Would you restate the listing word for word, with the images omitted?

**Data extract**:
== Segment start ==

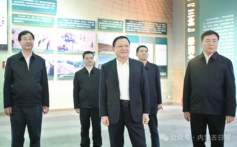 10月7日,自治区党委书记、人大常委会党组书记王伟中在内蒙古展览馆参观“绿色长城 生态奇迹——内蒙古防沙治沙和‘三北’工程攻坚战”主题展。草原云·内蒙古新闻网记者马建兵 摄
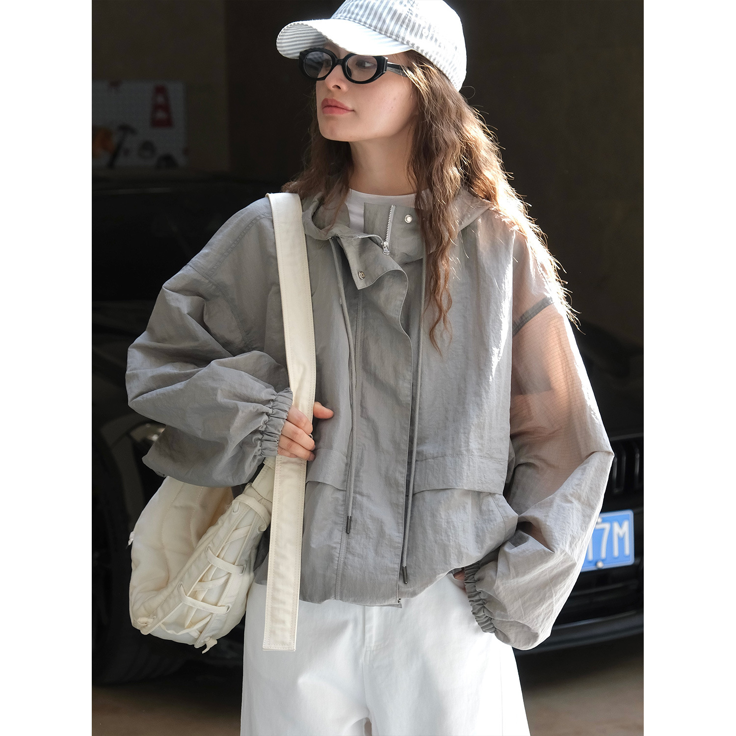 가을 새로운 한국 스타일 야외 스포츠 후드 재킷 편안하고 건조한 느슨한 실루엣 캐주얼 재킷 여성
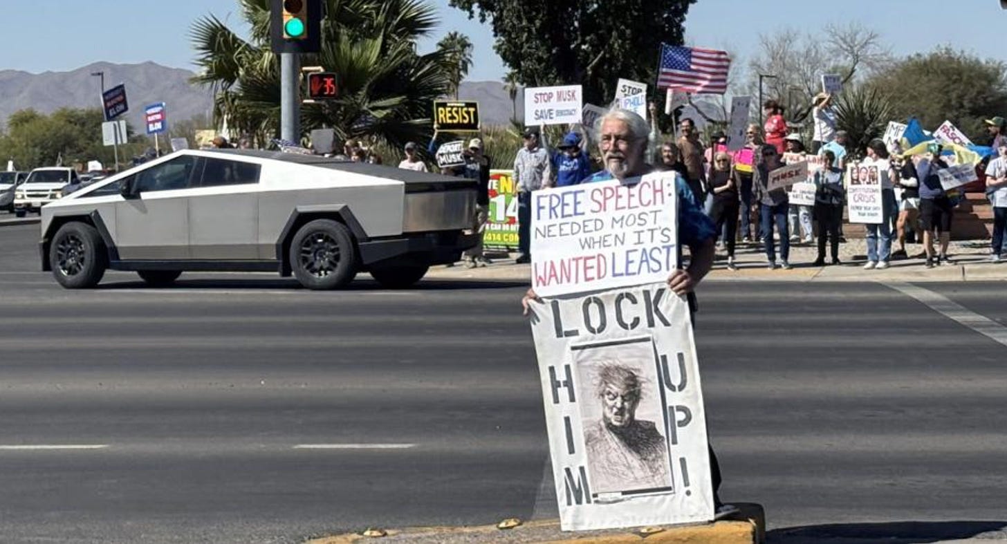 Upward of 1300 people lined the blocks around a Tesla dealership in Tempe, AZ on Saturday to protest Elon Musk, Donald Trump, and their ongoing destruction of the federal government.

== Segment end ==

**Result for this exercise**:
 10月7日,自治区党委书记、人大常委会党组书记王伟中在内蒙古展览馆参观“绿色长城 生态奇迹——内蒙古防沙治沙和‘三北’工程攻坚战”主题展。草原云·内蒙古新闻网记者马建兵 摄
 가을 새로운 한국 스타일 야외 스포츠 후드 재킷 편안하고 건조한 느슨한 실루엣 캐주얼 재킷 여성
 Upward of 1300 people lined the blocks around a Tesla dealership in Tempe, AZ on Saturday to protest Elon Musk, Donald Trump, and their ongoing destruction of the federal government.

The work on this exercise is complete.